Different cities face different challenges and policy should reflect this.
Last week I attended the launch of the Farrell Review, commissioned last year by Ed Vaizey MP, Culture, Communications and Creative Industries Minister at DCMS.
Centre for Cities wants more homes and better city centres for people and businesses to live in and thrive, but we leave the aesthetics of the built environment in UK cities up to the experts. But on this occasion it would seem the urban economists and architects are calling for a something similar: a greater understanding of place.
Sir Terry Farrell and his panel of esteemed architects, thinkers and proponents of good design have put together a report that seeks to provide a new understanding of the built environment: bringing together planning, landscape, architecture, conservation and engineering, which elegantly come together to form the acronym ‘PLACE’.
The report contains a number of recommendations dealing with architects’ education and training, design quality and cultural heritage. But probably the most interesting for us was the focus on the economic benefits and policy challenges for the built environment. And a couple of broader themes in particular stood out: the need for a greater consideration of place in policymaking and more connectedness between government departments, institutions and agencies.
We continue to beat the drum that uniform, national policies often fail in meeting their objectives as they are not adapted to varied and distinct local needs. Nowhere is this clearer than in the built environment of our different cities.
Housing most often enters the debate as a cost of living issue, but we also need to think of the crisis as a quality of living issue. People living in Oxford, Cambridge, York, and of course London, are facing rising housing costs and the supply of new homes is not keeping up with demand. But in cities such as Burnley, Blackpool and Bolton, the number of empty homes is discouraging new residents and blighting local areas.

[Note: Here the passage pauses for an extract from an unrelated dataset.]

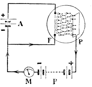 ![]() | Fig. 8. — Kiamaniere la filamento F, kaj la anoda plato P de radiolampo estas konektitaj kun siaj respektivaj baterioj: A, filamenta, aŭ varmiga baterio; B, anoda, aŭ plata baterio. La galvanometro M ebligas konstati, ke kurento fluas en la cirkvito: plato, anoda baterio, galvanometro, filamento kaj spaco inter la filamento kaj la anoda plato. |
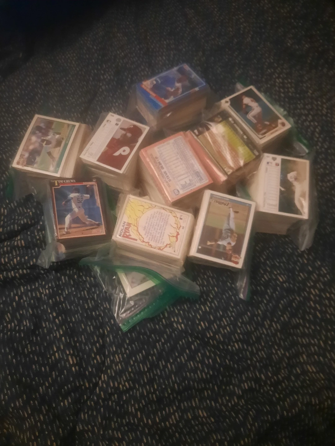 1$ per card This is a collection of various baseball cards. They are housed in plastic sleeves and small bags. Some cards are visible including players like Tim Crews and Nolan Ryan.

Put simply, different places face different challenges and policy should reflect this. So it was especially welcome that Sir Terry highlighted VAT relief on renovations as an urgent and important ask from central government.
A slide pulled up on the projector showed a jumble of lines and boxes with no clear pattern. This was an illustration of departmental responsibilities for the built environment across time. Which just goes to show the difficulties in assigning responsibilities at national scale for bringing together the various strands that make places and cities a success: from transport, infrastructure, housing to culture, education and more.
Cities across the country face a mounting challenge to deliver basic public services but also drive growth in their economy as core public funding dwindles. The built environment is one important aspect of this and we welcome the Farrell Review’s recognition that departmental silos and a lack of understanding of place in policy are a key part of the challenge.